The following is a map unit description from the "Soil Survey of Norfolk and Suffolk Counties, Massachusetts (Peragallo, 1989)"

SeB-Scituate fine sandy loam, 3 to 8 percent slopes. This is a very deep, gently sloping, moderately well drained soil in low areas on tops, the lower slopes, and depressions of uplands. Areas of the soil are irregular in shape and range from 6 to 20 acres.

Typically, the surface layer is black fine sandy loam about 5 inches thick. The subsoil is about 27 inches thick. It is dark brown to dark yellowish brown sandy loam in the upper part and mottled, light olive brown gravelly loamy sand in the lower part. The substratum is firm, mottled, grayish brown gravelly loamy sand to a depth of 60 inches or more.

Included with this soil in mapping are small areas of Woodbridge soils in positions on the landscape similar to those of the Scituate soils. Also included are small areas of Ridgebury soils in depressions and Montauk soils on knolls. Included areas make up about 15 percent of the map unit.

Soil properties:

Permeability: Moderate in the surface layer and the subsoil and slow in the substratum.

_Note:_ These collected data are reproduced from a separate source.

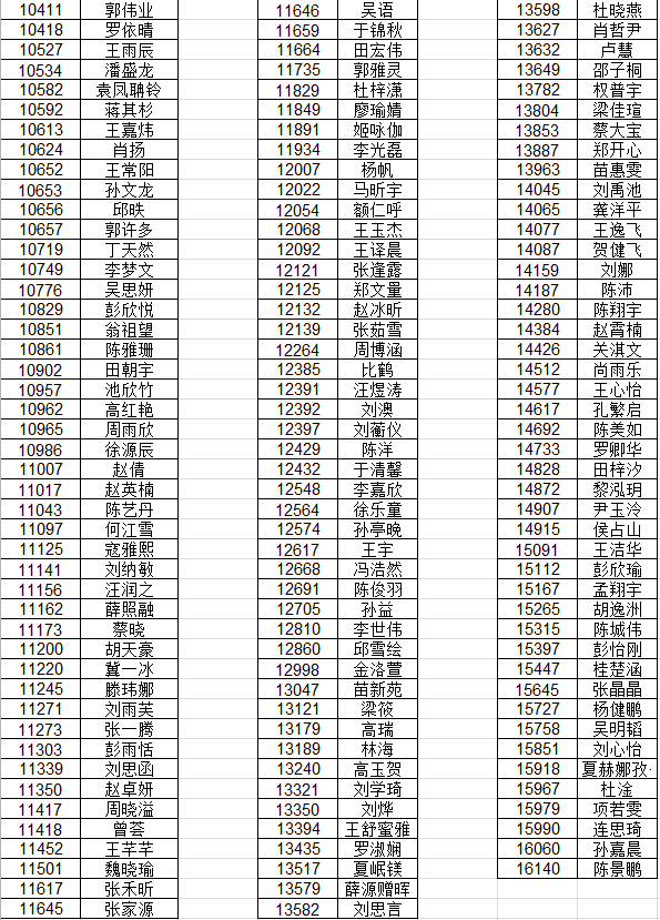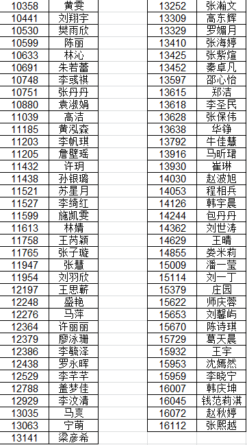 现公布本届夏令营入选营员名单如下: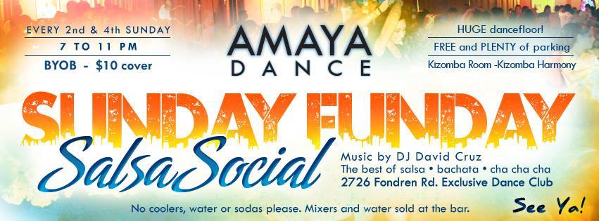 Houston Salsa Social - AMAYA SUNDAY FUNDAY - every 2nd and 4th Sunday of the month!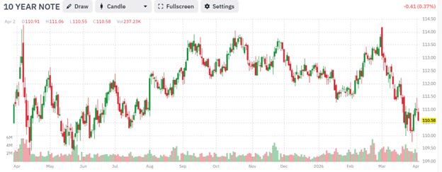 The prices for these bonds are falling, because of all the selling. Here is the one-year chart for 10-year Treasury notes:

Available water capacity: Moderate.

Soil reaction: Very strongly acid to moderately acid throughout.

Depth to bedrock: More than 60 inches.

Depth to the seasonal high water table: 1.5 to 2.5 feet.

Hydrologic group: C.

Most areas of this soil are woodland. Some areas are used as cropland and pastureland. Some areas are used as individual homesites.

This soil is very well suited to cultivated crops and pasture. In some years the perched seasonal high water table delays planting in spring or harvesting in fall. Drainage is needed for best crop growth and the most efficient use of machinery. The firm, compact substratum limits installing effective drainage systems. Farming on the contour or across the slope, crop rotations, and cover crops help to reduce runoff and to control erosion. Proper stocking rates, timely grazing, and restricted grazing during wet periods help to maintain desirable pasture plant species.

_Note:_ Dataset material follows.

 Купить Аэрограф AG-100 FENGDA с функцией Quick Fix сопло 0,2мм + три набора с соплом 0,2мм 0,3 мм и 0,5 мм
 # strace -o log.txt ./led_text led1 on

Potential productivity for northern red oak on this soil is moderate. The soil is easily managed for woodland use. Plant competition at regeneration is moderate if conifers are grown. Thinning crowded stands to accepted standard stocking levels allows more vigorous growth. Shelterwood cutting, seed-tree cutting, and clearcutting help to establish natural regeneration or to provide suitable planting sites. Removing or controlling competing vegetation is generally needed for best growth of newly established seedlings. Pruning helps to improve the quality of white pine.

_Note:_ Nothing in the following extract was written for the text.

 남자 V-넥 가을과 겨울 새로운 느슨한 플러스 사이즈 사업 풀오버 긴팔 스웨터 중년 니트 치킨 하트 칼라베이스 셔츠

Constructing buildings without basements, above the seasonal high water table, helps to protect the interior from damage by the seasonal high water table. Tile drains around foundations and the use of sump pumps in basements help to lower the seasonal high water table. Landscaping designed to drain surface water away from buildings also protects the interior from damage by the seasonal high water table. Constructing roads on raised, coarse textured base material and providing adequate side ditches and culverts help to protect the roads from damage by the seasonal high water table and potential frost action.

The seasonal high water table and permeability are the main limitations to use of the soil as sites for septic tank absorption fields. Placing distribution lines in a mound of more suitable fill material helps to overcome these limitations.

  • This soil is in capability subclass IIw.